*** Opening Records shown ***

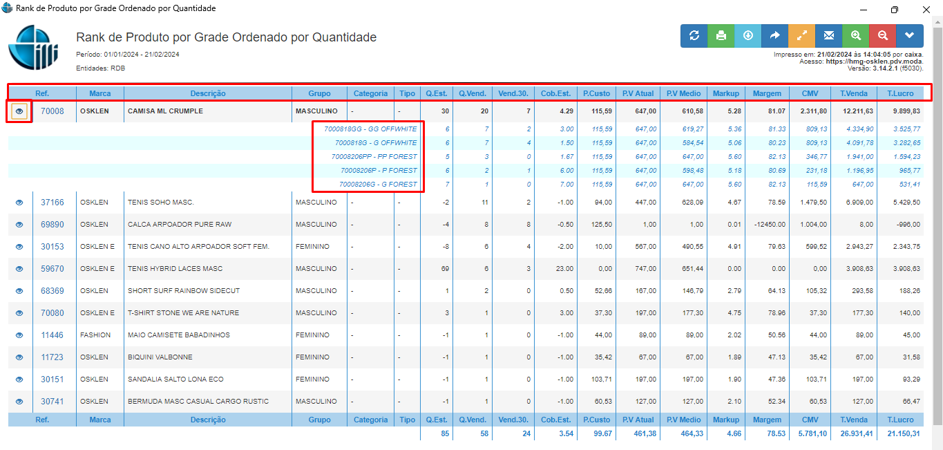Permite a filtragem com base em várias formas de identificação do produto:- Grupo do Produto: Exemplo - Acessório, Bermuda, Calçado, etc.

*** Closing Records shown ***
*** Opening Records shown ***

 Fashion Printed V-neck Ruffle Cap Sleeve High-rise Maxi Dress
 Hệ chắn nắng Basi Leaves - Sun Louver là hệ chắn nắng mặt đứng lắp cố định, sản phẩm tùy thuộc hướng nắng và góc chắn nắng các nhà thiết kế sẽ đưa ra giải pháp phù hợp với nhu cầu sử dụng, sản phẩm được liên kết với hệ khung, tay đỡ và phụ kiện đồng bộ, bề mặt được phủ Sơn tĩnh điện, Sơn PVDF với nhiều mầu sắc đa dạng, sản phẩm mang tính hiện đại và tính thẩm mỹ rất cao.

*** Closing Records shown ***
*** Opening Records shown ***

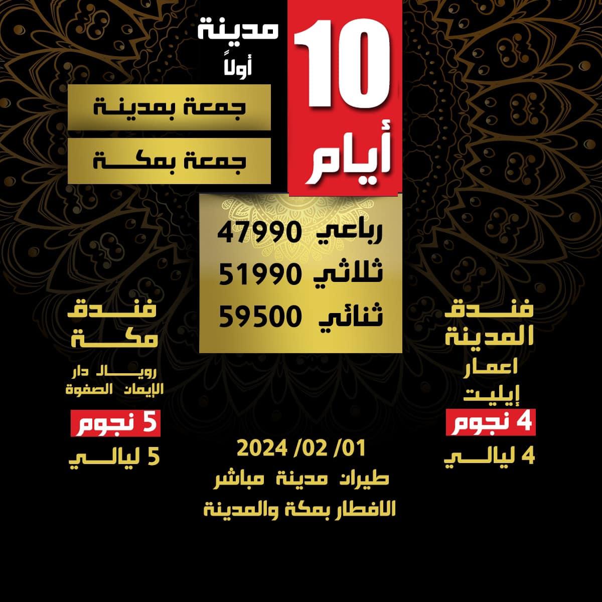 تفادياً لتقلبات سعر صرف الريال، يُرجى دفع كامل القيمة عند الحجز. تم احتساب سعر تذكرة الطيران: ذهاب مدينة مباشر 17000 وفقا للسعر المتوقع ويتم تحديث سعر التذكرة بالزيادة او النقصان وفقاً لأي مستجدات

*** Closing Records shown ***

_Work instructions_
Reprint exactly the lines above that start at the one with "Fashion Printed V-neck" and end at the one with "Hệ chắn nắng Basi", keeping both and adding none.

_Result of this exercise_
 Fashion Printed V-neck Ruffle Cap Sleeve High-rise Maxi Dress
 Hệ chắn nắng Basi Leaves - Sun Louver là hệ chắn nắng mặt đứng lắp cố định, sản phẩm tùy thuộc hướng nắng và góc chắn nắng các nhà thiết kế sẽ đưa ra giải pháp phù hợp với nhu cầu sử dụng, sản phẩm được liên kết với hệ khung, tay đỡ và phụ kiện đồng bộ, bề mặt được phủ Sơn tĩnh điện, Sơn PVDF với nhiều mầu sắc đa dạng, sản phẩm mang tính hiện đại và tính thẩm mỹ rất cao.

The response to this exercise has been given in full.